Problem details: Start at the top of the records and, please, print each line exactly through the line that contains "There are numerous", leaving out all pictures.
════════
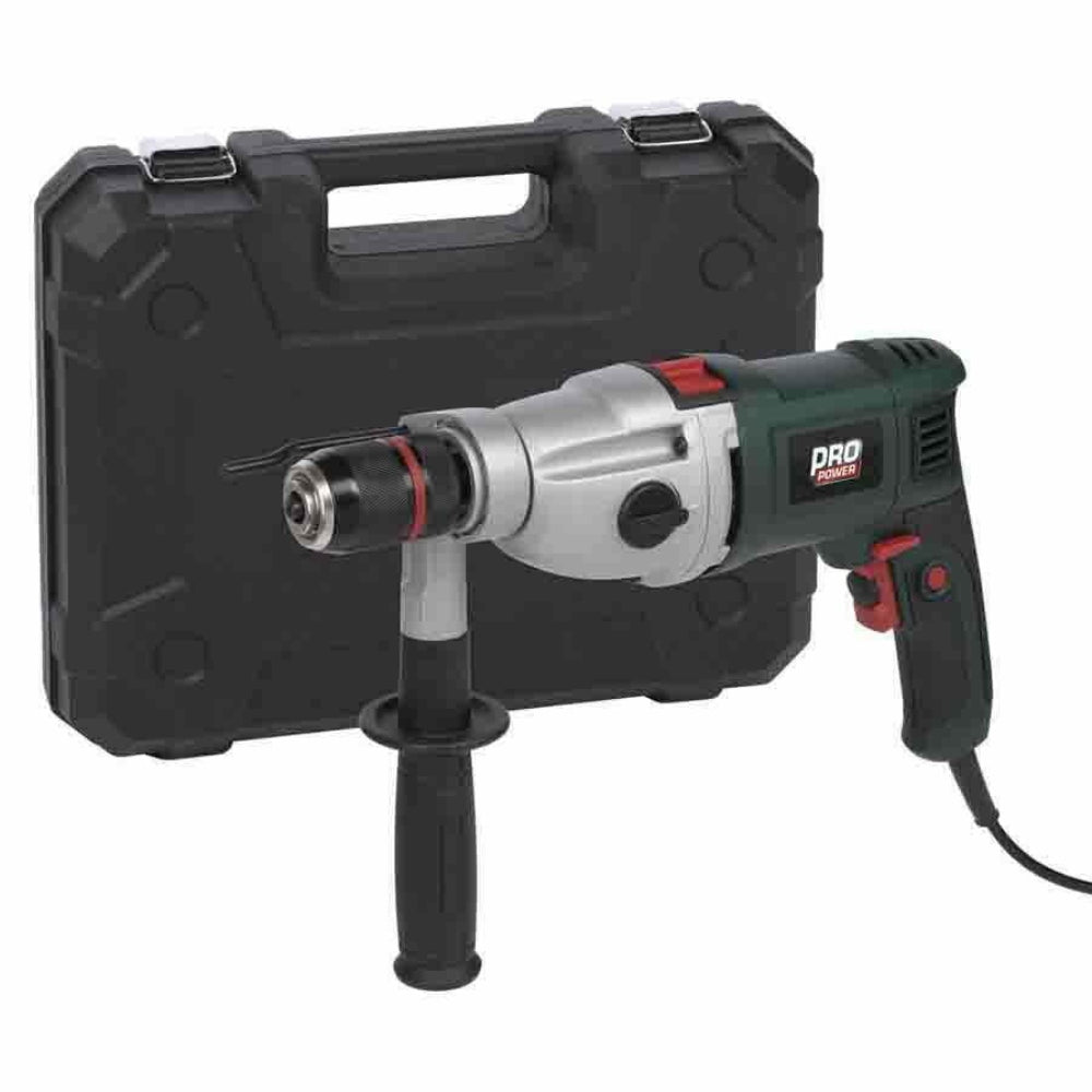 This 1050 W impact drill drills holes up to 16mm in concrete, 16mm in steel, and 40mm in wood. The 13mm keyless Peacock chuck has a locking function that makes changing drills and bits easy. _x000D_ The machine is also equipped with a metal ransmission, metal depth stop, left/right function and a lock button in the on position for continuous use. _x000D_ You choose from 2 speeds that you can set by the speed control from 0 to 1100 min-1 and from 0 to 3000 min-1 for an optimal drilling s_x000D_ When you choose the impact drill function, you can count on a stroke frequency of up to 4500 strokes per minute
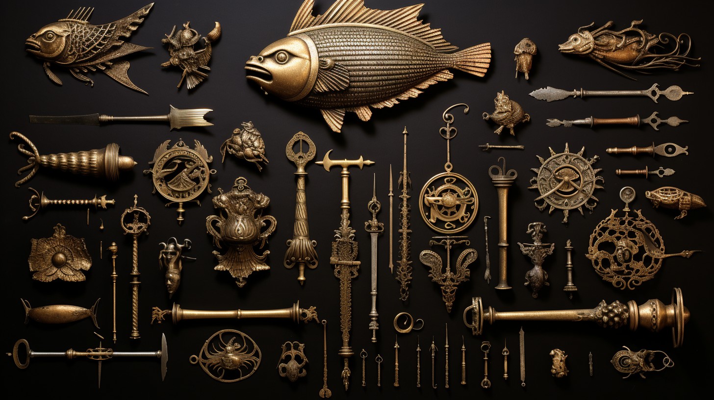 There are numerous items of regalia belonging to the king or queen and in their gift as symbols of authority. Some of these are shown in the image at the head of the article. They all derive from ornate representations of fishing implements or creatures of the river and the sea.
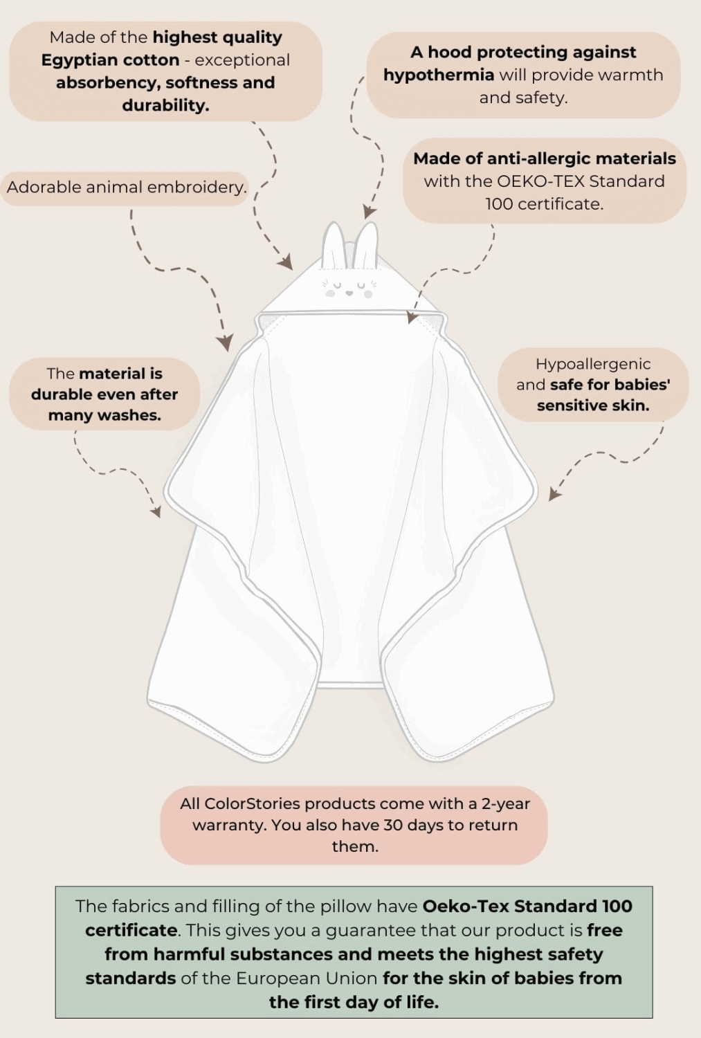 Το δέρμα ενός νεογέννητου μωρού είναι εξαιρετικά ευαίσθητο και επομένως χρειάζεται ιδιαίτερη φροντίδα μετά το μπάνιο. Στα μωρά δεν αρέσει να τρίβονται με πετσέτα και το ευαίσθητο δέρμα τους ερεθίζεται εύκολα. Γι’ αυτό οι πετσέτες μας με κουκούλα είναι κατασκευασμένες από εξαιρετικά απορροφητικό αιγυπτιακό βαμβάκι, το οποίο απορροφά το νερό αμέσως χωρίς να χρειάζεται έντονο σκούπισμα. Επιπλέον, η κουκούλα με κεντήματα χαριτωμένων ζώων όχι μόνο προστατεύει από το κρύο, τυλίγοντας το κεφαλάκι του μωρού με απαλότητα και ζεστασιά, αλλά κάνει το μπάνιο πραγματική απόλαυση.
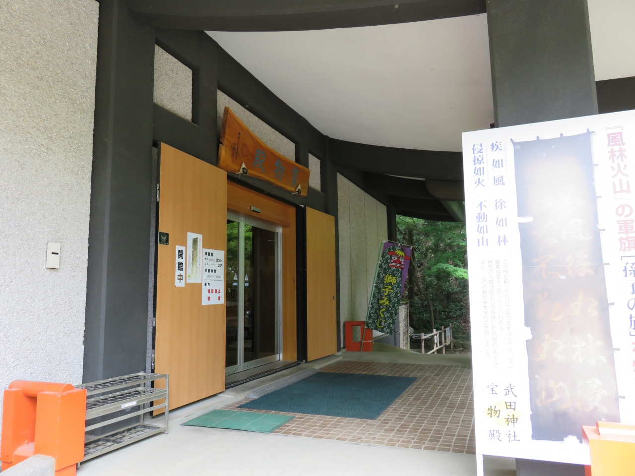 武田神社の中にある宝物殿です。そんなに見るものはないのですが、いわれは不明とありましたが、「風林火山」の旗があり、信玄公と孫子が一緒になった兵法を伝えるものとして、この私にも感動を与えます。
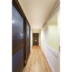 すっきりとグレイッシュで都会的な印象の廊下
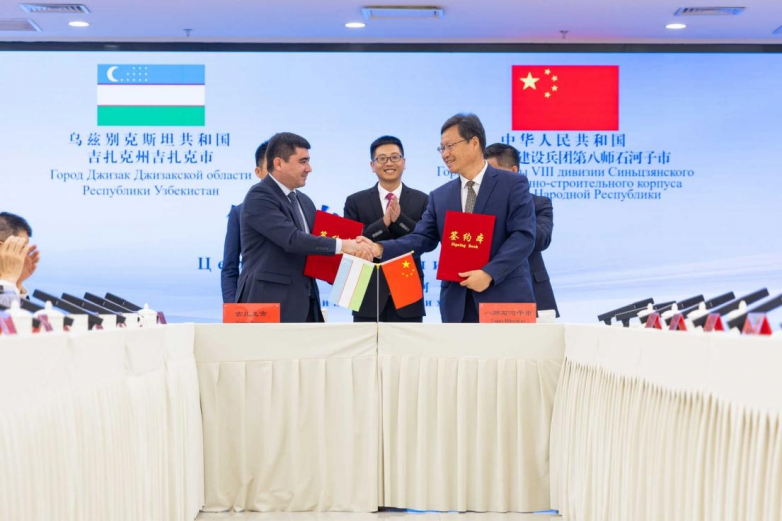 揭牌仪式后,“八师石河子市与乌兹别克斯坦吉扎克市产业友好城市”签约仪式在石河子市市民中心会场举行,石河子开发区领导与外方嘉宾代表双方签约,石河子开发区、阿拉丁控股集团领导见证签约。
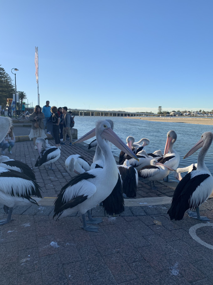 下一站,我们前往鹈鹕之都--The Entrance看鹈鹕。 每天下午三点半都会有喂鹈鹕表演,这里还有不少娱乐设施,摩天轮滑滑梯等,供儿童玩乐。因此除了吸引不少游客前来观赏,也是很多家庭周末休闲放松的好去处。由於受疫情影响喂鹈鹕表演目前暫停了,不过遇上一位工作人员小规模投喂,我们还是很幸运的看到鹈鹕抢食。可能是伙食太好了,每只鹈鹕都圆滚滚,憨态可掬。
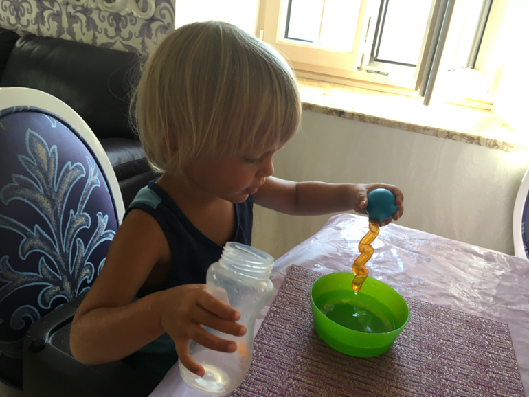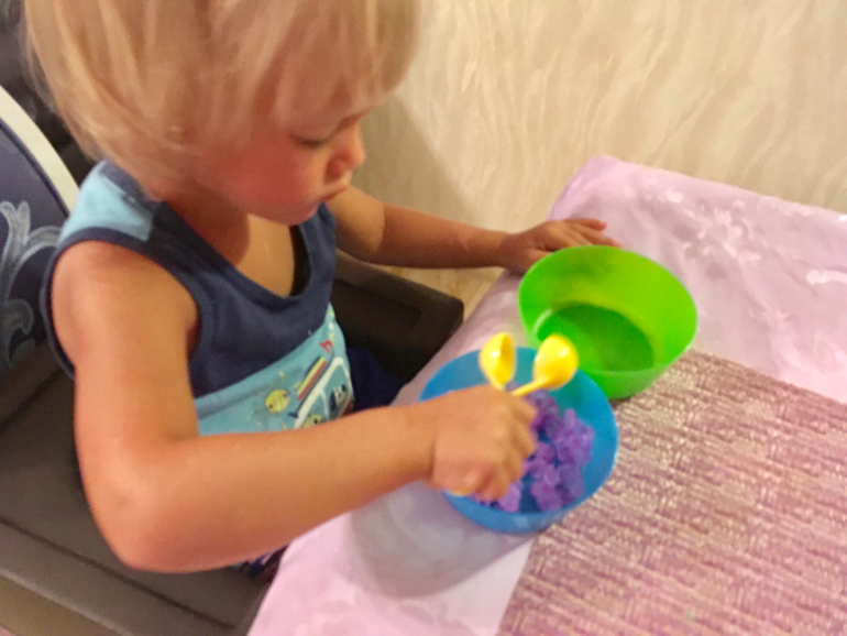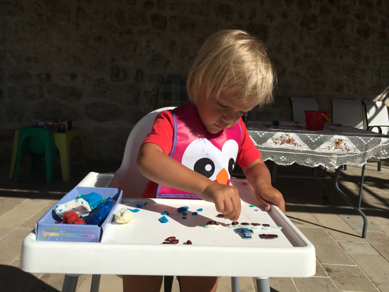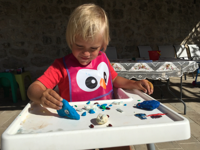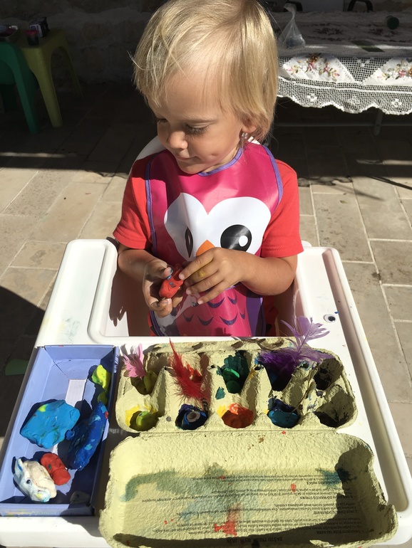 Проснулся интерес к лепке, получается даже что- то наподобие шариков и колбасок, но любимое занятие - щипать пластилин на мелкие кусочки.
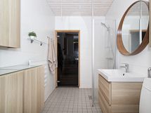 - Kaksi kylpyhuonetta, jotka remontoitu 2017-2018, kylpyhuoneissa wc-istuimet, pesukoneliitännät, suihkut, suihkuseinät, peilit, kylpyhuonekaapistot, kiinteät valaisimet, sauna uusittu 2017-2018. Sähköjä uusittu toiseen kylpyhuoneeseen 10/2021. Molempien kylpyhuoneisen hanat ja bideet uusittu 10/2021.
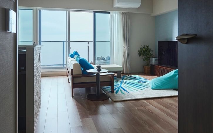ターコイズブルーのソファが主役の空間は、まるで海と空に包まれているかのような爽やかさを感じさせてくれます。自然光が差し込むと、さらにその美しさが際立ち、まるでビーチリゾートにいるかのような開放感を再現されました。
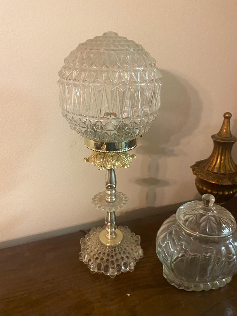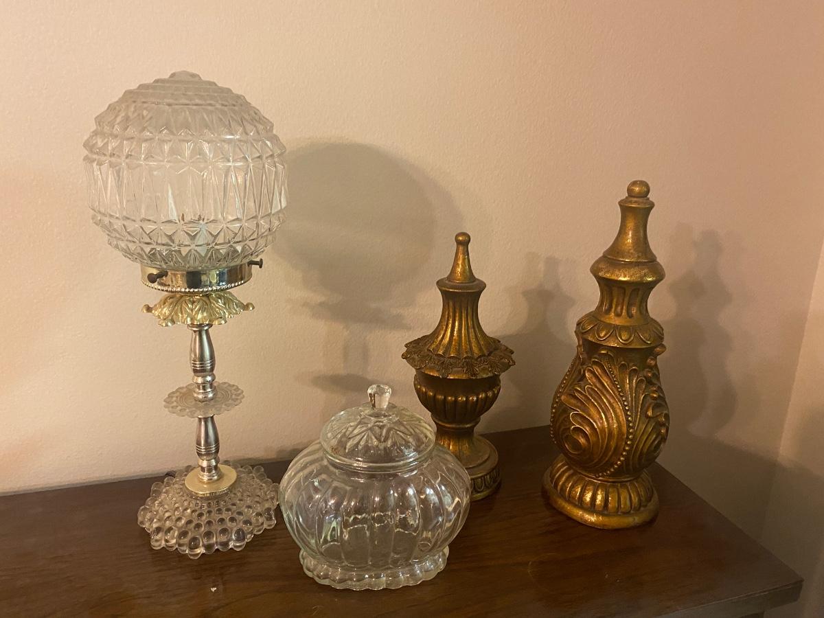 VINTAGE GLASS LAMP, HOME INTERIORS ACCENTS AND CANDY DISH
════════
Solution for this task:
 This 1050 W impact drill drills holes up to 16mm in concrete, 16mm in steel, and 40mm in wood. The 13mm keyless Peacock chuck has a locking function that makes changing drills and bits easy. _x000D_ The machine is also equipped with a metal ransmission, metal depth stop, left/right function and a lock button in the on position for continuous use. _x000D_ You choose from 2 speeds that you can set by the speed control from 0 to 1100 min-1 and from 0 to 3000 min-1 for an optimal drilling s_x000D_ When you choose the impact drill function, you can count on a stroke frequency of up to 4500 strokes per minute
 There are numerous items of regalia belonging to the king or queen and in their gift as symbols of authority. Some of these are shown in the image at the head of the article. They all derive from ornate representations of fishing implements or creatures of the river and the sea.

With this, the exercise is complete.